It's an interesting historical fact that before people used to hate this---Einstein hated it---but now people think that they can use it! There's a crazy new field called quantum computing where the idea is to stop fighting it. If you can't lick them, join them! The idea is that maybe you can make a brand new technology using something called quantum parallelism. If a quantum computer is uncertain, maybe you can have it uncertainly do many computations at the same time! So instead of fighting it, the idea is to use it, which is a great idea.
But when I was a kid people were still arguing over this.
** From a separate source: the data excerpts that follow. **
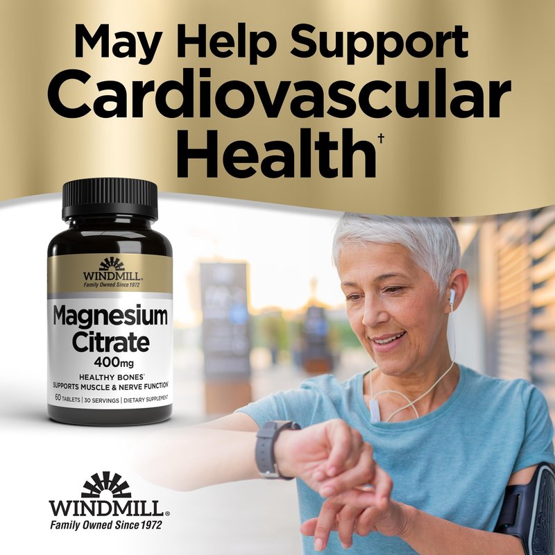 Windmill Natural Vitamins Magnesium Citrate 400 mg, Immune Support, Supports Muscle Recovery, Supports Healthy Heart, 60 Count, 30 Servings
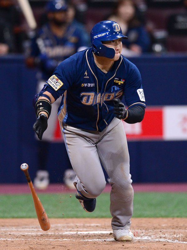 17일 서울 고척스카이돔에서 ‘2018 신한은행 MY CAR KBO리그’ NC다이노스와 넥센히어로즈 경기가 열렸다. 6회초 무사 2루 NC 나성범이 동점을 만드는 1타점 적시타를 치고 있다.
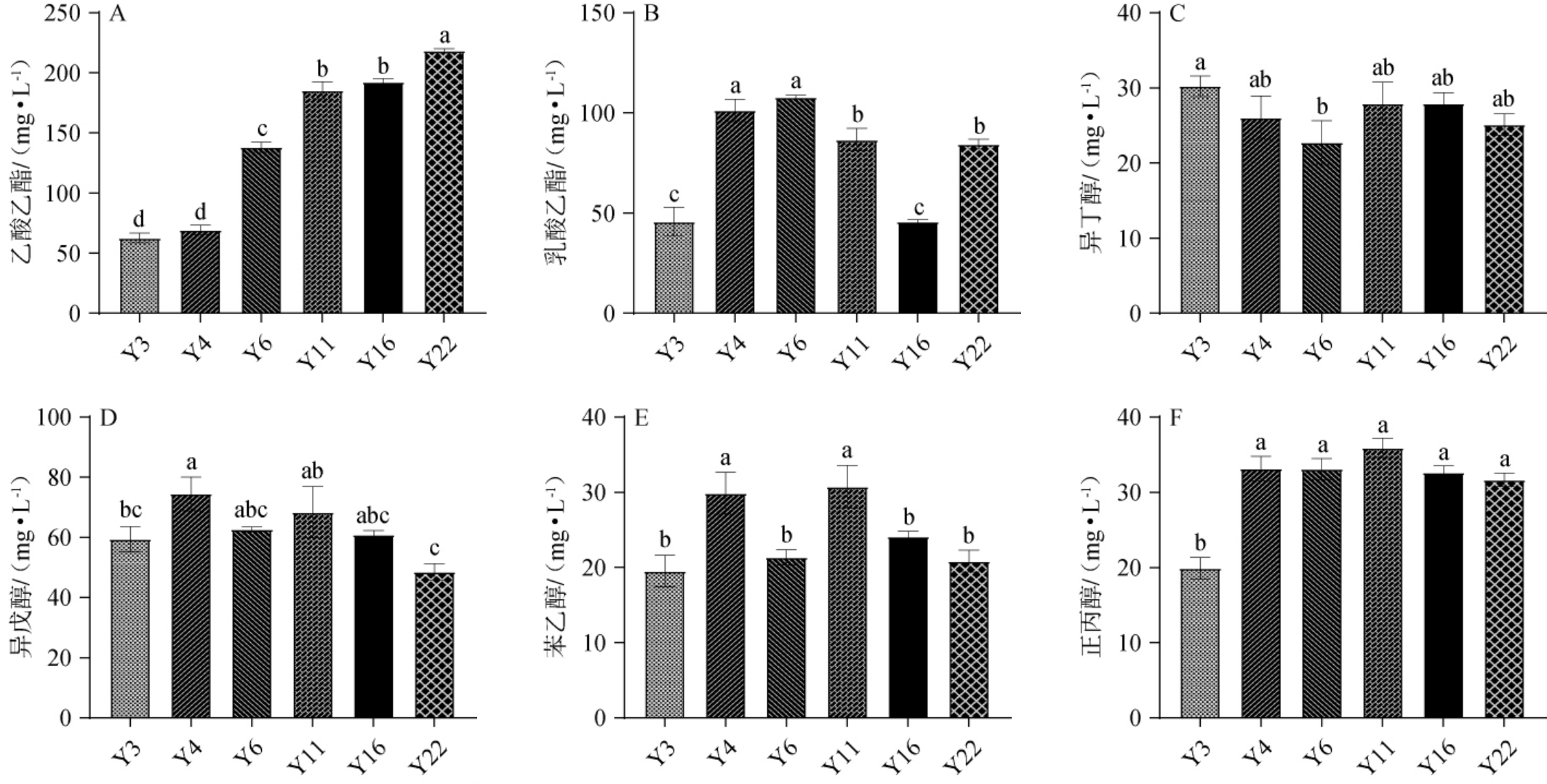 A:乙酸乙酯;B:乳酸乙酯;C:异丁醇;D:异戊醇;E:苯乙醇;F:正丙醇。
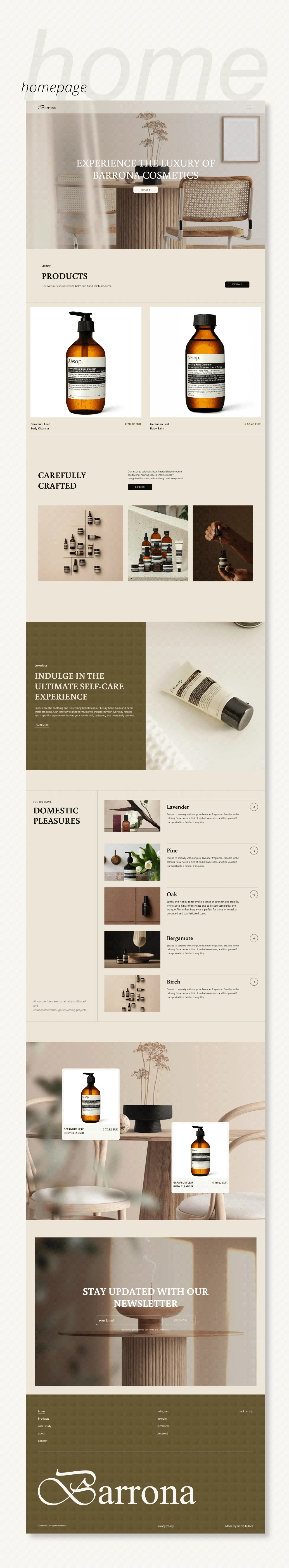 Design of a luxury e-commerce website for Barrona lotions, boosting sales with stunning product photos (taken by me) and a user-friendly experience.
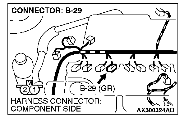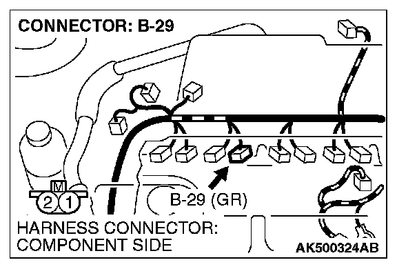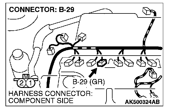1. Disconnect the No. 2 cylinder injector connector B-29 and connect the test harness special tool MB991658 between the separated connectors. (All terminals should be connected.)
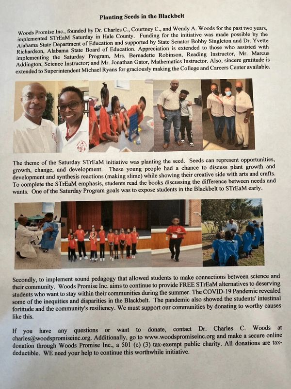 Our MISSION is to BUILD comprehensive programs through Woods Promise, Inc. and to increase the number of competitive minority and/or disadvantaged students pursuing STEM majors in college. The proposed evaluation plan will seek to measure the productivity of the STEM programs and support network to determine its impact on the preparation and matriculation of minority and/or disadvantaged students.
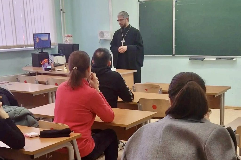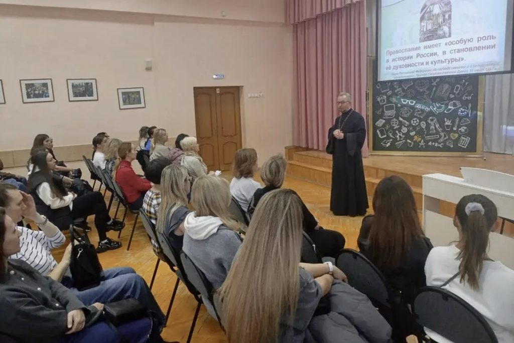 Настоятель Александро-Невского храма г. Видное иерей Николай Шапорев в этот день принял участие в собрании Видновской средней школы № 7.
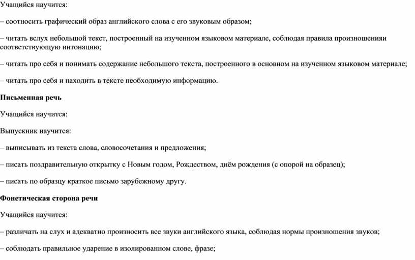-адекватное произношение и различение на слух всех звуков иностранного языка; соблюдение правильного ударения в словах и фразах;
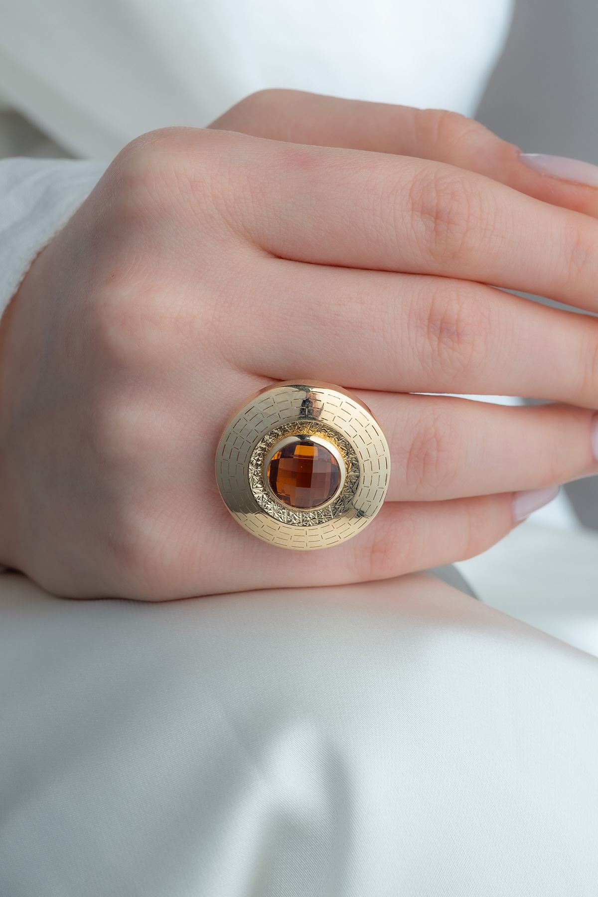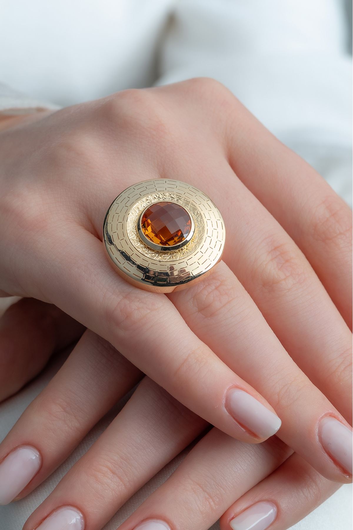 14 Ayar Altın Taşlı Büyük Yuvarlak Yüzük kaliteli işçiliği ile güvenle alışveriş yapabileceğiniz

Even though he had helped to create quantum mechanics, Einstein was still fighting it, and people were saying, ``Poor guy, he's obviously past his prime!''
Okay, so I began to think that maybe there's also randomness in pure mathematics. I began to suspect that maybe that's the real reason for incompleteness. A case in point is elementary number theory, where there are some very difficult questions. Take a look at the prime numbers. [A prime is a whole number with no exact divisors except 1 and itself. E.g., 7 is prime, and 9 = 3 × 3 is not.] Individual prime numbers behave in a very unpredictable way, if you're interested in their detailed structure. It's true that there are statistical patterns. There's a thing called the prime number theorem that predicts fairly accurately the over-all average distribution of the primes. But as for the detailed distribution of individual prime numbers, that looks pretty random!
So I began to think about randomness... I began to think that maybe that's what's really going on, maybe that's a deeper reason for all this incompleteness. So in the 1960s I, and independently some other people, came up with some new ideas. And I like to call this new set of ideas algorithmic information theory.
Algorithmic Information Theory
That name makes it sound very impressive, but the basic idea is just to look at the size of computer programs. You see, it's just a complexity measure, it's just a kind of computational complexity...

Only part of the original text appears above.